Não tem preço

Por Fernanda Pompeu

Engraçado como existem pessoas que mesmo não sendo amigas marcam para o bem as nossas vidas. Pessoas com quem pouco falamos ou encontramos. Até interlocutores com quem trocamos palavras uma única vez e depois silêncio.

Uma tarde em Salvador fui entrevistar a Mãe Stella, ialorixá do terreiro de candomblé Ilê Axé Opô Afonjá. Passei menos de trinta minutos ao seu lado, mas uma frase dita por ela: “O que não se registra o vento carrega”, pontuou uma guinada na minha postura de jornalista.

Mãe Stella, com uma única frase, me fez compreender o valor de pôr no papel o melhor que a vida põe no mundo. Contribuir para que o vento não disperse fatos e não esqueça de pessoas que num determinado momento conseguiram fazer diferente, e valorizar a vida de outras pessoas, ou de um bairro, ou de uma comunidade.

Nunca mais conversei com Mãe Stella. Outra mulher com quem estive apenas em duas ocasiões se chama Procópia. Ela é uma das líderes do Quilombo Calunga de Monte Alegre, em Goiás. Ela contou que sua grande tristeza era não saber ler e escrever.

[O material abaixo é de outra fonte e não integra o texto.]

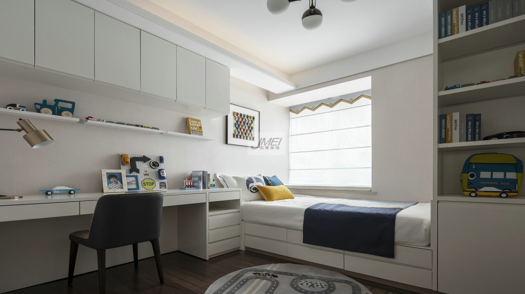 切莫忘記最初的本真,更不能忘卻流淌在血脈里那靈動(dòng)的童趣。男孩房的設(shè)計(jì)相較之下俏皮了許多,布局雖一貫以白色為主調(diào),然而黃藍(lán)搭配的巧妙點(diǎn)綴,瞬間使整個(gè)空間活躍起來。圖書靜靜擺放,汽車模型栩栩如生,紐扣小巧玲瓏,牛仔元素盡顯活力……
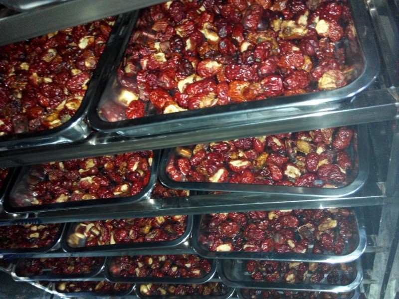 当枣内温度均匀一致,在6个小时内可完成此阶段工作。因为后期枣内水分已不多,应特别注意温度控制,切勿过大,以50℃为佳。此时相对湿度也降了下来,如高于60%时可稍加排湿。随着枣内水分逐渐平衡,也就达到干燥目的了。注意把干燥好的样品及时卸出来。

Por conta do analfabetismo, Procópia batalhou e conseguiu que a prefeitura de Monte Alegre construísse uma escola dentro do Quilombo. Agora suas netas leem livros para ela. Compreender o valor que essa mulher dava à educação e à leitura em particular, me fez revalorizar meu ofício de escritora.

No fundo acho que as pessoas – mesmo aquelas a quem chamamos estranhos e estranhas – sempre podem nos ensinar boas coisas o tempo todo. São pequenas e informais lições do dia a dia. Mais ainda, algumas pessoas têm o poder de iluminar aquilo que andamos fazendo.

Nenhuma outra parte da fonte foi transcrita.